To a learn a language you will have to make time to study that language. It does not matter which kind of website you use, if you are not prepared to put the time in, it will not happen. Have you maybe thought talking about this to your employer? Often managers are quite supportive when they see a member of staff really wants to learn and can make some time available for you.


----------



## arunpral (Feb 11, 2014)

FlyingBirds said:


> To a learn a language you will have to make time to study that language. It does not matter which kind of website you use, if you are not prepared to put the time in, it will not happen. Have you maybe thought talking about this to your employer? Often managers are quite supportive when they see a member of staff really wants to learn and can make some time available for you.


Hi Flyingbird, 
I do have time to read through website or books. I said that i do not have time to attend classroom training. I guess I am clear this time.


----------



## UdayBASIS (Dec 24, 2012)

arunpral said:


> Hi Flyingbird,
> I do have time to read through website or books. I said that i do not have time to attend classroom training. I guess I am clear this time.


Buddy,

Try out duolingo.com and busuu.com!!

Their courses are much more relaxed and you would get to learn the language without the associated strain.

Good Luck!


----------



## logbabu (Feb 17, 2014)

Duolingo.com is a good website for sure.


----------



## arunpral (Feb 11, 2014)

Thank you all


----------



## Gemuse (May 16, 2013)

arunpral said:


> Hi Flyingbird,
> I do have time to read through website or books. I said that i do not have time to attend classroom training. I guess I am clear this time.
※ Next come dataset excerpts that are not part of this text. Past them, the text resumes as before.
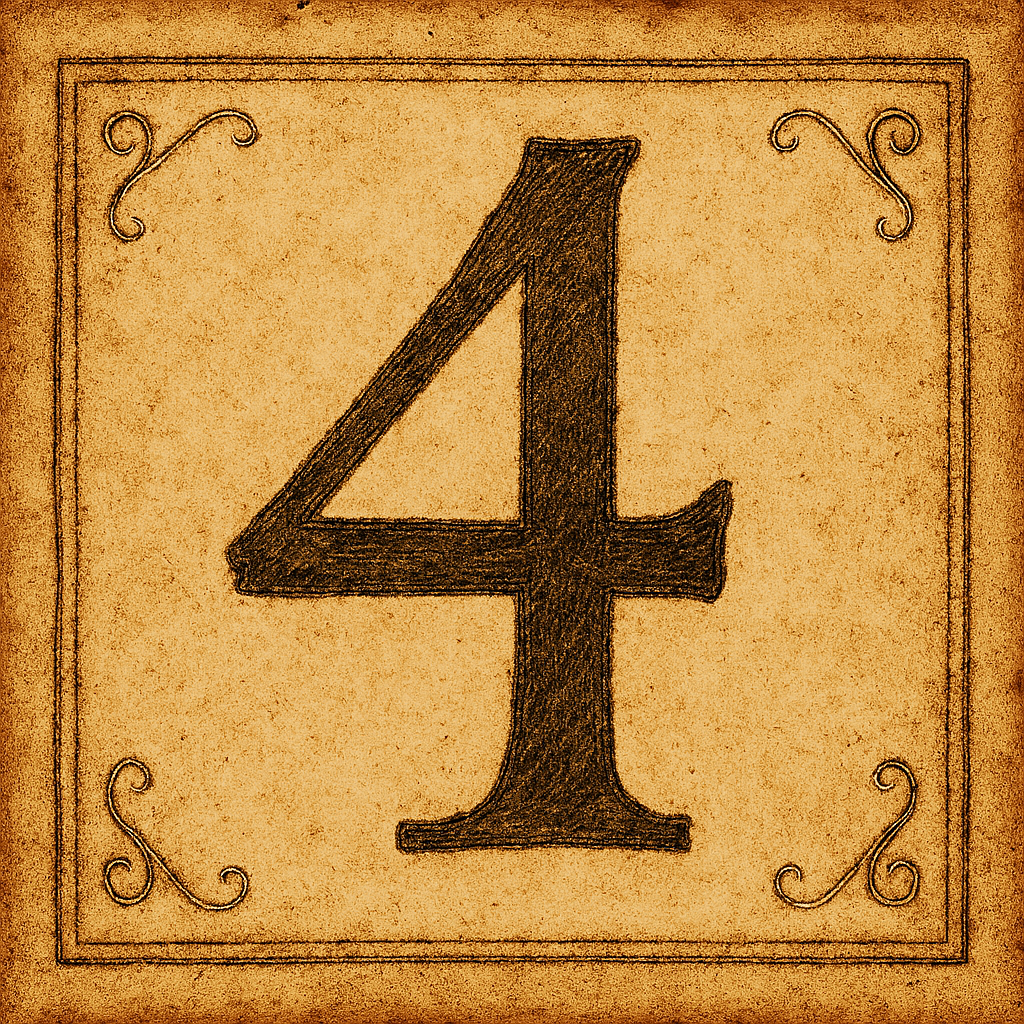 Quatro é o plano manifesto. É a forma sólida. Estabilidade. É a soma das três dimensões espaciais (altura, largura e profundidade) com a dimensão temporal.
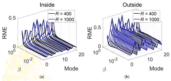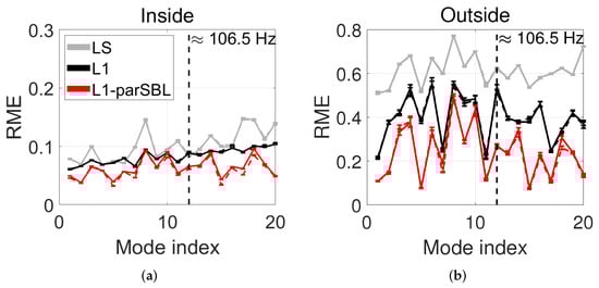 Figure 8 shows the RMEs of LS, L1, and L1-parSBL for the 20 modes inside and outside the virtual region, respectively, with and 1000. We observed that L1-parSBL achieved better RMEs than LS and L1 inside and outside the virtual region for the 20 modes. The RMEs of LS were all greater than 0.5, and L1 could obtain RMEs below 0.3 under four modes for the extrapolated field points outside the region. In contrast, L1-parSBL achieved acceptable reconstruction errors (RME < 0.3) for 13 modes. We also found that the denser discretized PW directions hardly improved the RME in this case. Additionally, the RMEs of different modes were very different, especially for the extrapolated field points outside the virtual region. This was because samplings were distributed in the local region and these samplings could not obtain sufficient spatial information for some modes. For example, for modes “No. 3” and “No. 8” of Figure 6b, the virtual region mainly included their nodal planes, so it was difficult for the samplings to capture the effective information of the mode shapes. Therefore, the estimated PWs lead to poor reconstruction accuracy outside the virtual region.
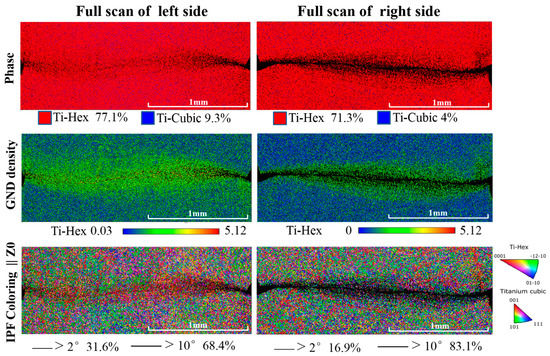 Figure 4 shows the full scans of the ASBs and the corresponding affected zones in terms of the phase map, the geometrically necessary dislocation (GND )map, and the coupling analysis of inverse pole figure and grain boundary map (IPF+GB). Different plastic strains between the left and the right sections may also yield different microstructure evolutions. In the phase maps, the estimated amounts of β phase decreased to less than 10%, which also indicates that the dominated shearing path was along the α/β phase boundaries, which caused the β grains within the elongated and the recrystallized extremely fine α grains to be indistinguishable. Dynamic recrystallization yielded a large amount of fine α grains dispersed along the shearing paths and in the ASBs, which could contribute to the formation of textures. It is understood that recrystallization is dominated by the entropic effect arising from the competition between the formation of dislocation and that of grain boundaries while the shear band instability emerges, which is attributed to the thermal heating occurring faster than heat dissipation [39]. Moreover, the thickness of the ASB-affected regions resulting in the collaborating plastic deformation was clearly captured by GND mapping. It seems as if the low-angle grain boundaries of the left side presented a good resistance to the formation of cracks and the thermal softening. The grain boundaries with high angles within the ASBs were also geometrical necessary boundaries, which is the same as previous observations in pure Ti [40]. In line with the grain boundary complexions [41,42,43], it is understood that free volumes exist at the boundaries, constructing the weakly bonded regions and contributing to the initiation of ASBs. Furthermore, the slip systems highlighted in red in the IPF maps play an important role in the formation of ASBs, which is validated by the following theoretical analysis.
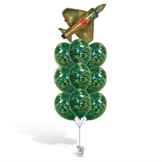 В набор входит Шар латекс 30/35 принт камуфляж 9 шт Истребитель 88 см Груз 1 шт все Шары только премиум сегмента, обработаны гелем для увеличения срока полёта, доставляются в транспортировочных пакетах.
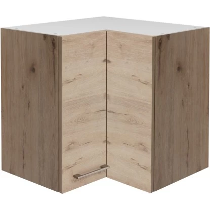 Top-Qualität „Made in Germany“ zum kleinen Preis. Der Eck-Oberschrank überzeugt durch eine geradlinige Formgebung und zeichnet sich durch ein modernes Ambiente aus. Dabei bietet Ihnen der hochwertige Oberschrank ein reizvolles Dekor in der Farbe San Remo Eiche und eignet sich optimal als passende Ergänzung zur Küchenserie Arizona.
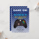 Game On Video Game Controller Gaming Birthday Invitation. Controladora de jogos em um fundo vívido de faixa de luz azul néon.
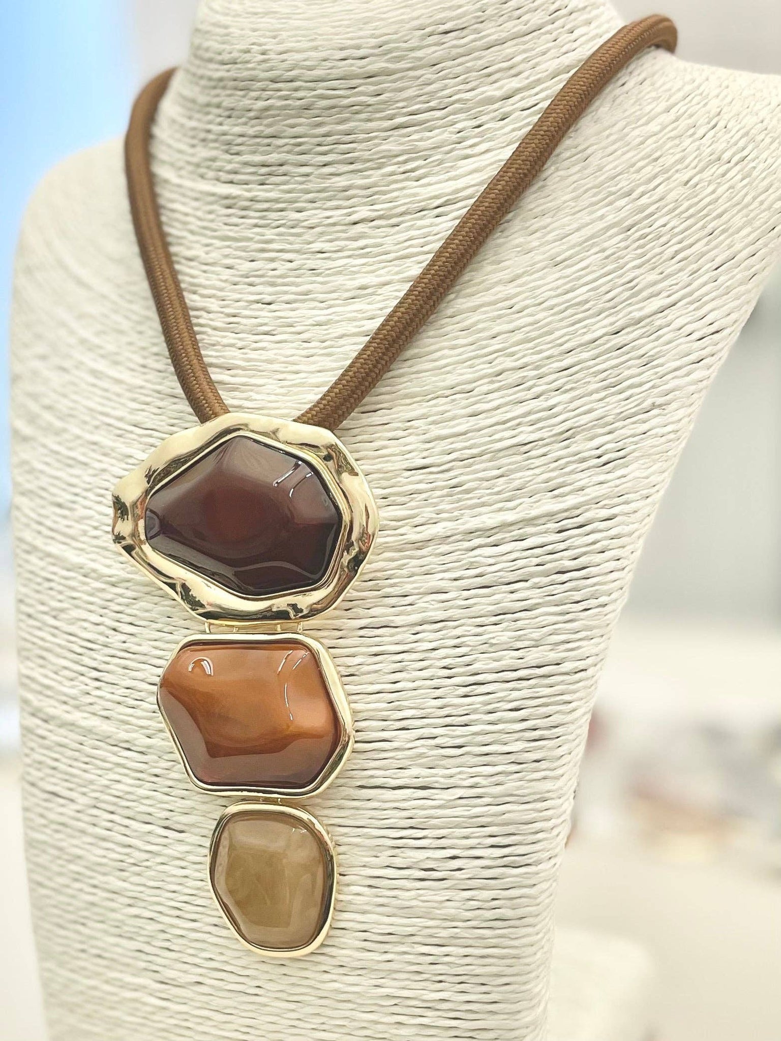 PENDANT - 3-Tier Stone Pendant (brown) NK553
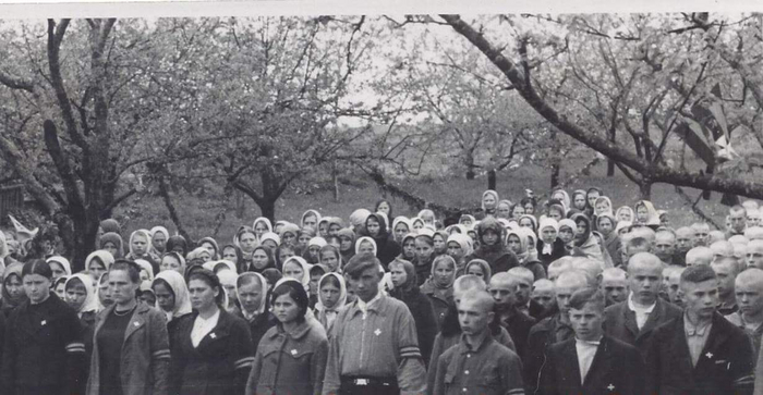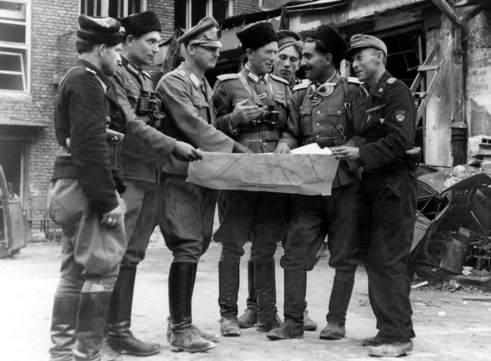 Вот он, предпожительно справа на фото. У него нашивка РОА. То есть он уже в РСФСР начал свою подрывную деятельность. Или это вовсе не он? История умалчивает.
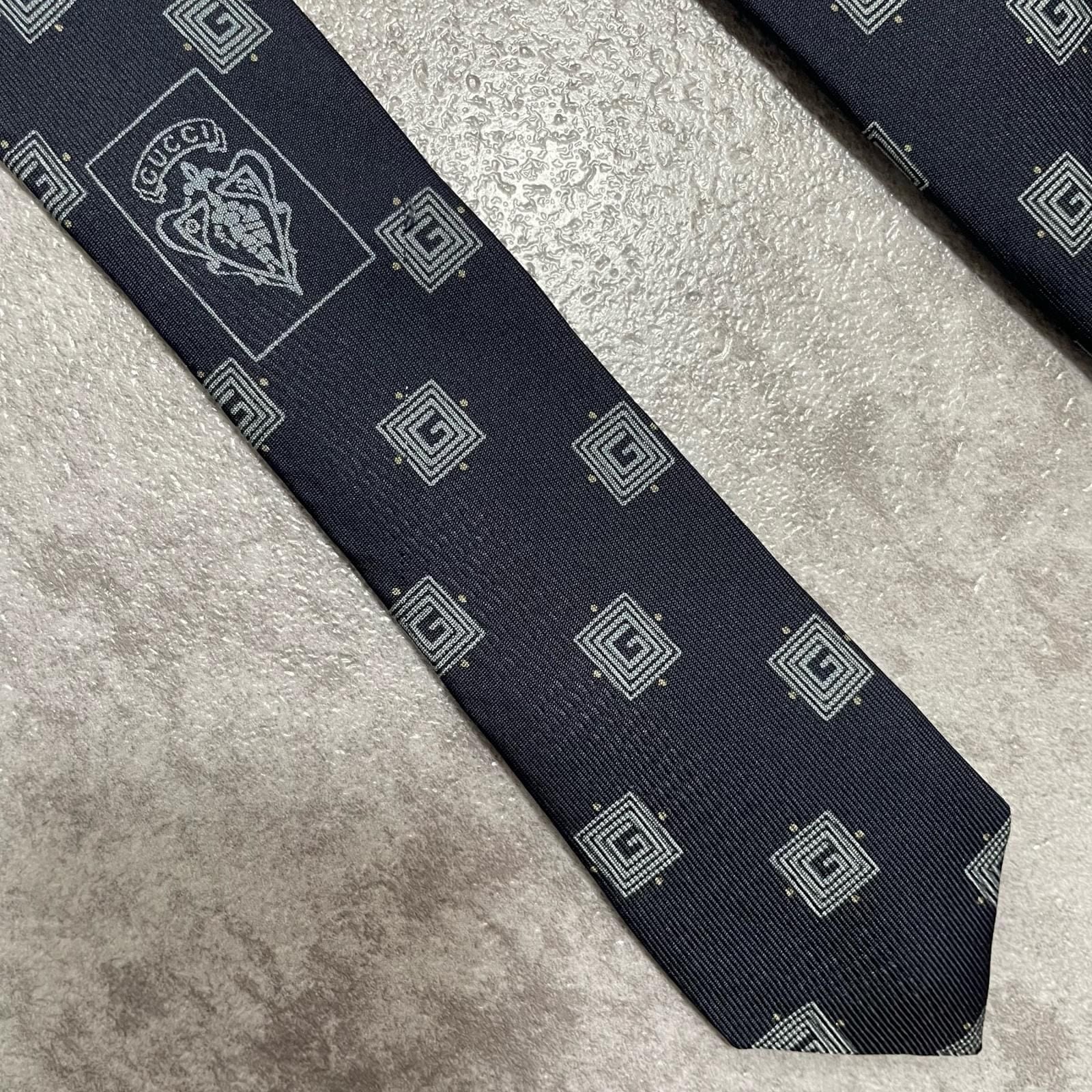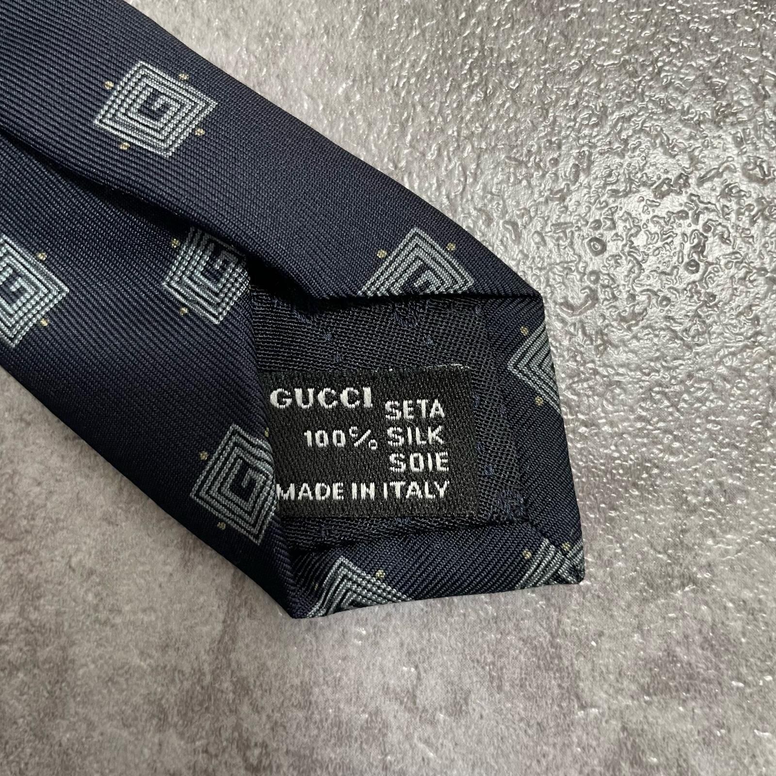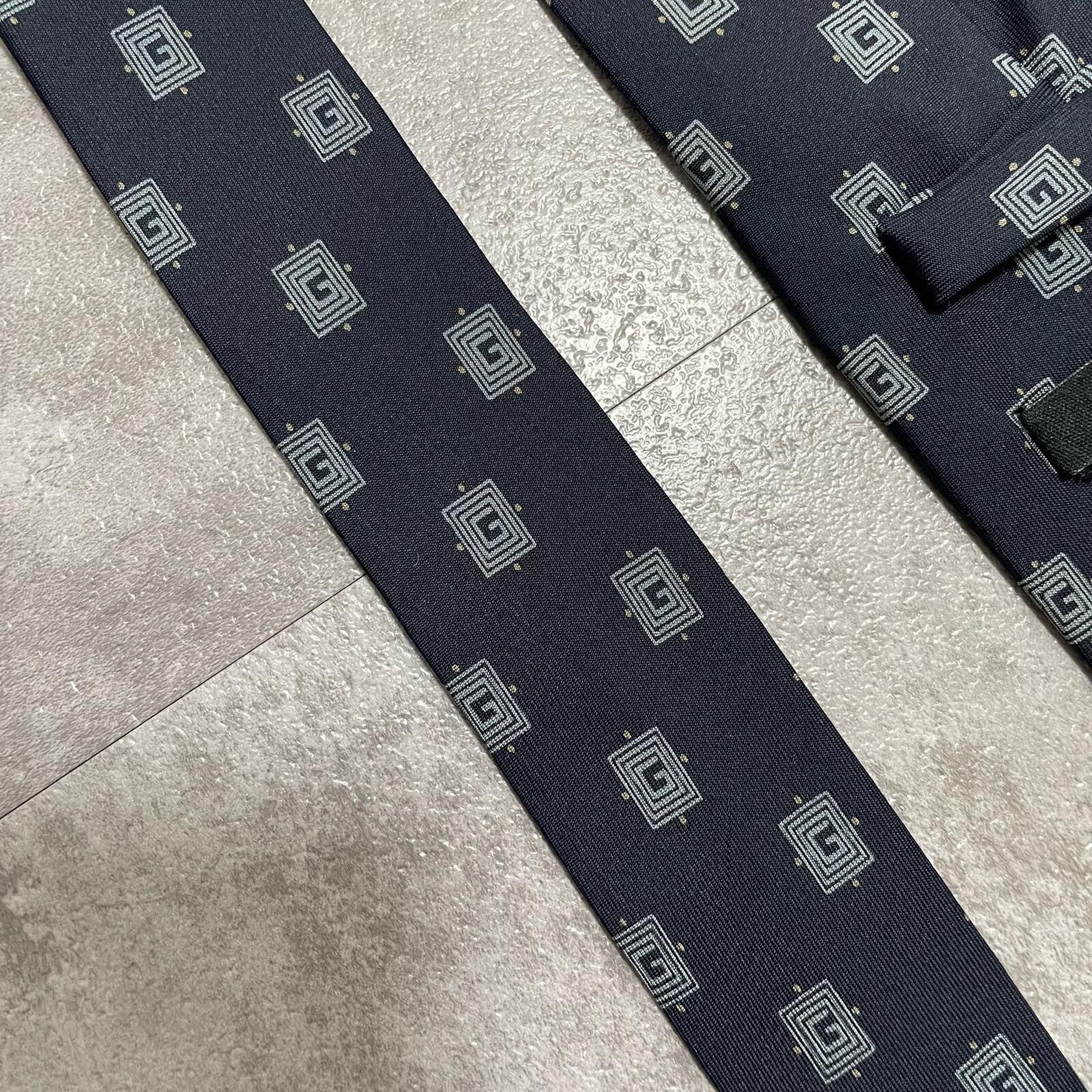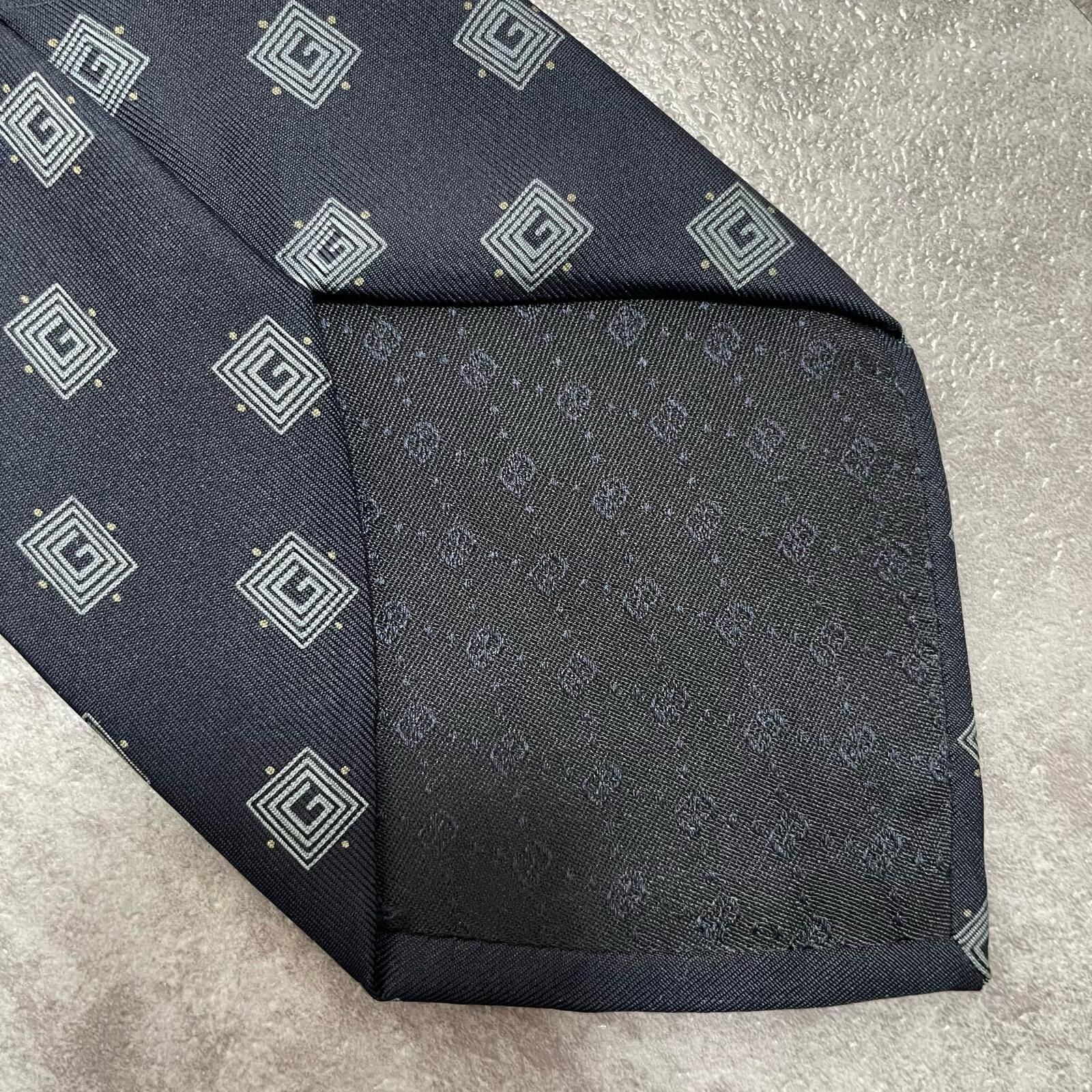 【GUCCI】グッチ 総G柄ネクタイ シルク100% メンズ ネイビー 紺色 小紋柄 スクエアドット 総ロゴ イタリア製 ビジネス向け GG

Classroom training for language learning is highly inefficient.

I would recommend the following books & audio.

Assimil German with ease (book+audio)
Hugo German in 3 months, Hugo german advanced.
Living language German beginner-intermediate
Living language German Advanced.


And also Duolingo


----------



## cealcor (Apr 4, 2014)

I would advise you even watching TV series and movies with the german dubbing, so in the context of the rest, but thanks to all the time you have contact with the language even if you do not live in Germany.


----------



## arunpral (Feb 11, 2014)

Thank you all for your suggestions.
It is really helping me.
I am currently using Duolingo and it looks amazing.

Guten Tag!!!
Arun


----------